Lieber Leser und selbstverständlich auch klebe Leserin! Solltest Du morgen, Samstag, 16. Februar, zufällig Dich in Straßburg der Wunderschönen befinden und vor Langerweile nicht wissen, was unfangen, und solltest Du mit Heimweh geplagt sein, des Elsässer Dütsch und noch mehr des Elsässer Französisch müde Dich nach den Lauten der Heimat sehnen, so begib Dich um halb neun Uhr abends nach dem Palais des Fêtes am Boulevard Clémencenu (Steinring), suche den Saal der Marseillaise auf und frage nach Herrn J. P. Hemmer, dem sympathischen Präsidenten der Straßburger Union Luxembourgeoise, die an dem Abend ein Konzert mit Tombola und Ball gibt. Trotzdem zu dem Fest eine Einladung vonnöten ist, wird man Dir als Landsmann oder Landsmännin den Einlaß nicht verweigern, und Du wirst so in der Fremde einen gemütlichen luxemburger Abend verbringen, mit Dicks und Menager und Mertens und zum Schluß der „Hemecht“ verschlungen mit der „Marseillaise“. Und ich wünschte, ich wäre bei Dir, wäre es auch nur um das liebliche Quartett von Menager „Am Gäertchen“ von den HH. Reuter, Halsdorf, Heyart und Rollmann zu hören. Ein Männerquartett mit vier ausgewählten Stimmen ist nämlich ebenso schön, wie ein Männergesangverein mit einem Sammelsurium von Holzeimerorganen gräßlich sein kann.
Also den Straßburgern Landsleuten sei mit ihrem Konzert, ihrem Ball und ihrer Tombola ein Triumph gewünscht.
Uns hier bereitet es Genugtuung, zu sehen, wie sich draußen die Klebefähigkeit der Luxemburger, ihr Bedürfnis, sich national zu betonen und durchzusetzen, schon wieder einmal bewährt hat. Und dazu in Straßburg, der Stadt, die für uns einen ganz besondern und komplexen Zauber hat.

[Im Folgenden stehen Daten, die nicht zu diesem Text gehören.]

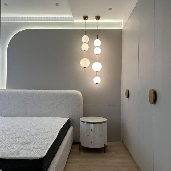Консоль – элегантный и компактный предмет интерьера. Она служит как туалетным столиком, так и элементом, связывающим стеновые панели. Мы подбирали оттенок шпона так, чтобы все элементы конструкции составляли единый гармоничный ансамбль.
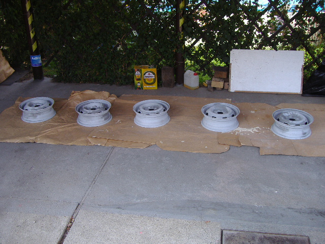 , nechával jsem si opískovat ráfky a ještě ošopovat zinkem( nebo tak nak se to jmenuje )no je na tom prostě nastříkanej roztavenej zinek. Dneska jsem je stříkal plničem. pak na to půjde ještě základ a pak bílá akrylátová barva.Nějaké foto pro Vás :
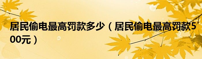 大家好,小晋来为大家解答以下问题,关于居民偷电最高罚款多少,居民偷电最高罚款500元很多人还不知道,今天让我们一起来看看吧!
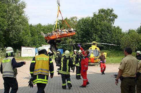Die mit einem Großaufgebot herbeigeeilten Rettungskräfte griffen auf den Kran der beteiligten Baufirma zurück um den Verunglückten mit der Rettungswanne zu bergen. Bereits in der Baugrube wurde der Arbeiter notärztlich versorgt und künstlich beatmet. Nachdem er an die Oberfläche gehoben worden war, wurde der Mann im Rettungswagen stabilisiert und für den Lufttransport vorbereitet. Der herbeigerufene Rettungshubschrauber brachte den Arbeiter dann ins Krankenhaus. Die Ermittlungen zur Unfallursache laufen noch.
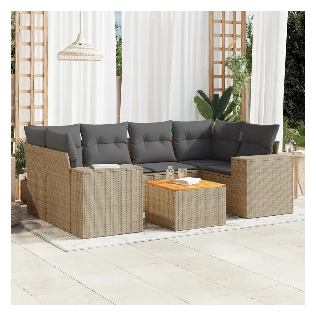 Cet ensemble de canapés de jardin est le complément parfait de votre arrière-cour, terrasse ou patio, offrant un espace confortable et accueillant pour discuter avec la famille et les amis ou simplement se détendre et profiter de l'extérieur. Matériau durable : la résine tressée, également connue sous le nom de poly rotin, est un matériau synthétique solide et nécessitant peu d'entretien qui ressemble au rotin naturel. Il est léger, facile à nettoyer et couramment utilisé pour les meubles d'extérieur en raison de sa durabilité et de ses propriétés de résistance aux intempéries.Dessus stable et facile à nettoyer : cette table de jardin a un dessus en bois d'acacia robuste, durable et facile à nettoyer avec un chiffon humide. Fonction de rangement avec sac résistant à l'eau : chaque siège de jardin dispose d'un espace de rangement sous l'assise, complété par un sac résistant à l'eau pour ranger les coussins, les jouets et d'autres objets. Les sacs intérieurs sont dotés d'un couvercle et peuvent être solidement fixés aux sièges à l'aide de bandes auto-agrippantes pour plus de stabilité.Expérience d'assise confortable : ce mobilier d'extérieur, doté de coussins épais, offre une expérience d'assise confortable.Conception modulaire : cet ensemble de meubles d'extérieur a une conception modulaire, ce qui le rend complètement flexible et facile à déplacer, afin que vous puissiez créer un agencement de meubles d'extérieur personnalisé. Bon à savoir :Pour que vos meubles d'extérieur restent beaux, nous vous recommandons de les protéger avec une housse imperméable.
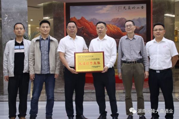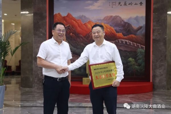 在調研期間,縣領導王鴻鵬親授沅陵酒業“湖南省農業產業化龍頭企業”與“2022年度沅陵縣聯農帶農先進經營主體”榮譽牌。
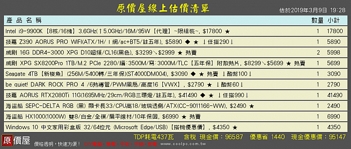 最近想了很多各式各樣的組合 最後得結論就是這樣 有點貴這樣的菜單會不會有分配不均的問題 比較怕散熱...CUP散熱是爬各文章出來的結論一體是水冷我就放棄了 太多的漏水之類的問題顯卡選這張是因為 看他評測上溫度蠻涼的....麻煩各位大神了

Straßburg war unsern Intellektuellen immer ein Wunder von Stadt, eine Sonnenwolke, die über alte nationalen Erdgebundenheiten strahlte, französisch durch ihr Herz, universell durch die Goethe-Erinnerungen, voller Poesie durch das Volkslied und durch den Rhein und durch den Dom - eine Stadt voll märchenhafter Entrücktheiten. Dann wurde sie das Mekka unserer Eisenbahner und zum Teil auch unserer Studenten. Sie stand im Zeichen des geflügelten Rades, dort saß der Oberste Rat unserer Bahnen, freilich gehörten ihm nur wenige Luxemburger an, und wenn hier ein guter Posten zu besetzen war, kam ein fremder Mann aus Straßburg und setzte sich drauf. Aber die Eisenbahner im allgemeinen waren zufrieden, so weit Menschen überhaupt zufrieden sein können, weil sie durch die Bank anständig bezahlt wurden und weil die Rangordnung auf gesunder Grundlage beruhte. Heute scheint Straßburg für die Männer vom geflügelten Rad viel von seinem Zauber eingebüßt zu haben und mit Spannung blicken sie dem Tag entgegen, wo das Verhältnis sich verschieben soll.
Auch unheimlich in gewissem Betracht klang uns oft der Name Straßburg, wenn die Rede davon ging, daß hier einer mit dem Tode rang und eine Leuchte der Straßburger Alma Mater an sein Lager gerufen wurde. „Der Professor von Straßburg“ war lange das Stärkste, was man dem Sensenmann entgegenzustellen hatte.
Mit der Gründung der Union Luxembourgeoise durch unsere Eisenbahner in Straßburg haben wir in der wunderschönen Stadt vorläufig eine Art Heimatrecht. Es scheint nicht lange dauern zu sollen, da die Verhandlungen wegen anderweitiger Regelung unserer Eisenbahnfrage anscheinend in das Endstadium getreten sind. Aber den Frühling in Straßburg werden die Luxemburger von dort wohl noch erleben, und darum sind sie zu beneiden.